I paesaggi spettrali del Salento, fatti di scheletri di ulivo, fa veramente male al cuore e ad un'intera economia. E tutto questo per colpa di un microbo ancora più pericoloso della Xylella fastidiosa: l'ignoranza fastidiosa che colpisce un nutrito gruppo di politici, amministratori e giornalisti con evidenti bias cognitivi. Queste storie insegnano anche che la costruzione delle conoscenze presuppone la perdita di potenza di mere opinioni per acquisire solide e complesse competenze (cognitive, culturali, politiche, sociali, etiche). Nel suo essere complesso, l’uomo si colloca, quindi, in un ambiente altrettanto complesso, che ne influenza e ne stravolge la complessità fisiologica e sociale e da esso stesso ne risulta influenzato. Ed è così che l'uomo, l’essere più complesso esistente in natura, trasforma in religione tutto ciò che non capisce, in complotto ciò che non gli garba e in verità i propri limiti cognitivi, piegando la realtà dei fatti e i fatti della storia in farneticanti opinioni personali.
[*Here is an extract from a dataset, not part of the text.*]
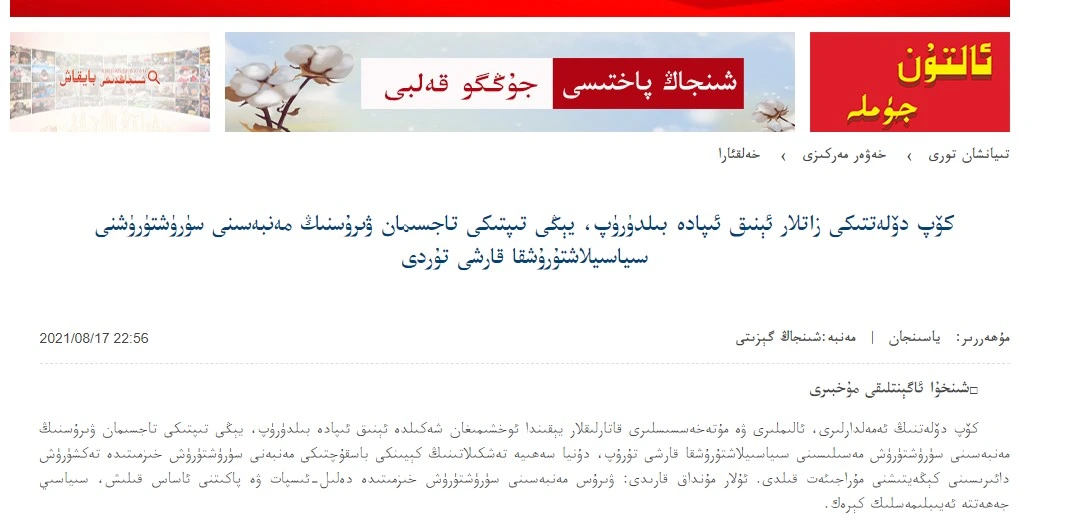ئارمان ئۇيغۇر ئاگېنتلىقى 2021-يىلى 19-ئاۋغۇستخىتاي ئورگان تەشۋىقات تورى تەڭرىتاغ تورى 17- ئاۋغۇست " كۆپ دۆلەتتىكى زاتلار ئېنىق ئىپادە بىلدۈرۈپ، يېڭى...

L’ignoranza dei problemi, alimentata e sostenuta da una inadeguatezza di molti decisori politici, da una routinaria cantilena di esternazioni bizzarre da parte di sapienti ignoranti, da anatemi scomposti di curiali con pregiudizi cognitivi, da ipotesi complottiste di chi è abituato a banalizzare la complessità delle cose, porta poi ad uno stravolgimento dell’equilibrio dinamico necessario per mantenere l’isonomia in una società complessa. Un compito, questo, della politica e dei decisori, i quali devono promuovere politiche atte a garantire sia i diritti inviolabili del singolo cittadino che le necessità collettive.
Quante volte i cittadini si saranno chiesti come e con quali criteri la politica, i decisori, il parlamento prende le sue decisioni; le quali inevitabilmente andranno poi ad impattare sulla vita reale degli stessi cittadini. Quanto importanti sono le competenze, il metodo ed il merito, e quindi il metodo scientifico, per arrivare a prendere decisioni che vadano oltre i pregiudizi, le opinioni personali ed i conflitti di interesse?
La politica, se non sa valutare le cose con metodo e nel merito, rischia di confondere e ingannare i cittadini e i consumatori. Serve ovviamente una solida base di conoscenza e di metodo scientifico e questo significa anche la fatica dello studio.
Scriveva Antonio Gramsci: “Occorre persuadere molta gente che anche lo studio è un mestiere, e molto faticoso, con un suo speciale tirocinio, oltre che intellettuale, anche muscolare-nervoso: è un processo di adattamento, è un abito acquisito con lo sforzo, la noia e anche la sofferenza”.